Ils ont signé la convention le jeudi 29 juin 2023. Trois établissements sarthois accueillants des personnes âgées dépendantes ont décidé de s’engager dans une « démarche éthique partagée » pour favoriser la bientraitance : la résidence Saint-Raphaël, à Solesmes, le centre Basile-Moreau, à Précigné et la résidence Dujarié, à Loir-en-Vallée (anciennement Ruillé-sur-Loir).
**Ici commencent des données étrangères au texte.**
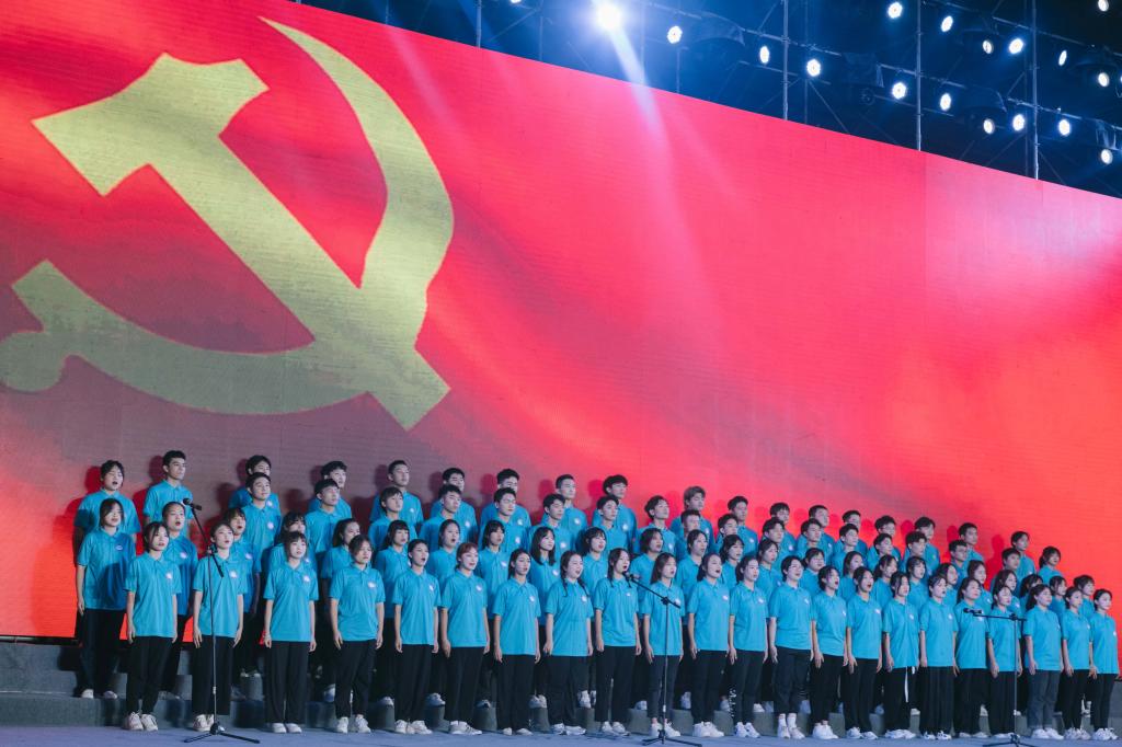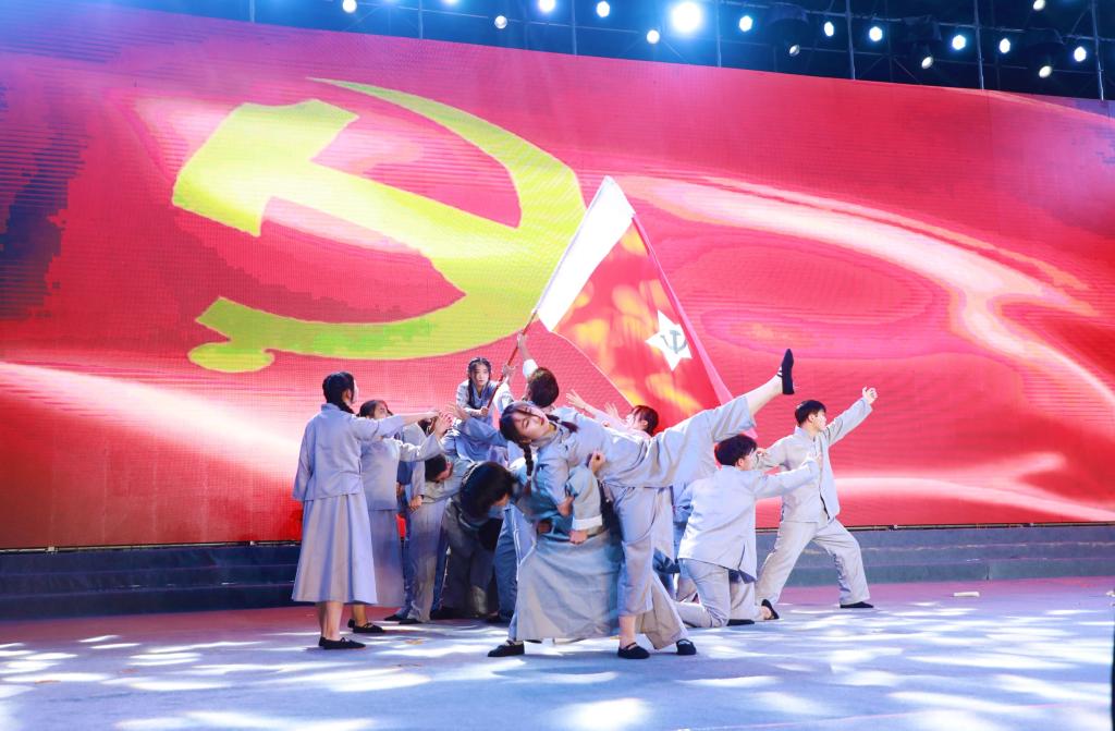 “中国共产党的诞生,这是开天辟地的大事变。”讲述人马克思主义学院教师张羽在党史讲述环节慷慨激昂地介绍着南湖红船上的伟大建党精神。沿着党史发展的脉络,3名讲述人带领全场观众穿越了新民主主义革命时期的浴血奋战,感受了社会主义革命和建设时期的伟大变革,迈过了改革开放和社会主义现代化建设新时期的中国道路,踏上了中国特色社会主义新时代向第二个百年奋斗目标进军的新征程。在党的百年伟大历程中,党始终践行让人民生活幸福这一“国之大者”,彰显了中国共产党一脉相承的人民立场、一如既往的赤子情怀、一以贯之的价值追求。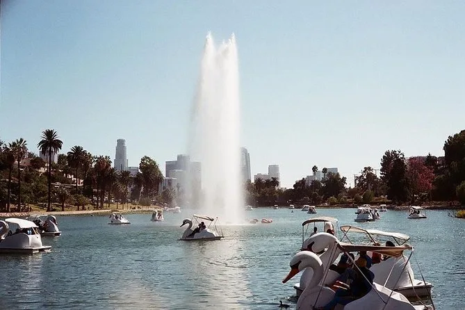 Você vai deslizar pelo Echo Park Lake em um pedalinho cisne espaçoso, pedalando entre as flores de lótus e sob sombras refrescantes, com vista para a cidade ao redor. Pode levar seus próprios lanches e bebidas (só não pode álcool) e curtir momentos tranquilos na água—coletes salva-vidas estão inclusos para sua segurança. Um passeio leve que fica na memória muito além do esperado.

Trois structures qui ont pour point commun d’être gérées par des associations d’inspiration chrétienne et qui regroupe à elles trois plus de 250 résidents.
« L’intérêt de ce comité est d’éclairer nos prises de décisions au quotidien en prenant en compte les valeurs associatives, la réglementation en vigueur et l’apport de la réflexion de chaque participant, présente Édouard Petit, directeur général du centre Basile-Moreau, une structure présidée par Hugues Morel. Nous serons plus intelligents à plusieurs, en se nourrissant des bonnes pratiques des autres. »
« Éviter les dérives »
Concrètement, ce comité d’éthique sera constitué de professionnels de santé et de bénévoles des trois établissements. Il sera animé par un médecin indépendant et ses membres se réuniront quatre à cinq fois par an. Le résultat de réunions est destiné à être diffusé à l’ensemble des professionnels et des résidents. Mais chaque établissement restera autonome dans ses actions, en lien avec son projet associatif et son organisation.
Une démarche qui résonne d’autant plus au regard des révélations sur le traitement au sein des résidences du groupe privé Orpéa. « Tout établissement accueillant des personnes âgées dépendantes se doit d’interroger ses pratiques pour veiller à éviter les dérives. Nous devons prendre soin de nos décisions, avec collégialité et recul », prône Édouard Petit. Tout en ouvrant la porte à d’autres résidences associatives locales intéressées par cette convention.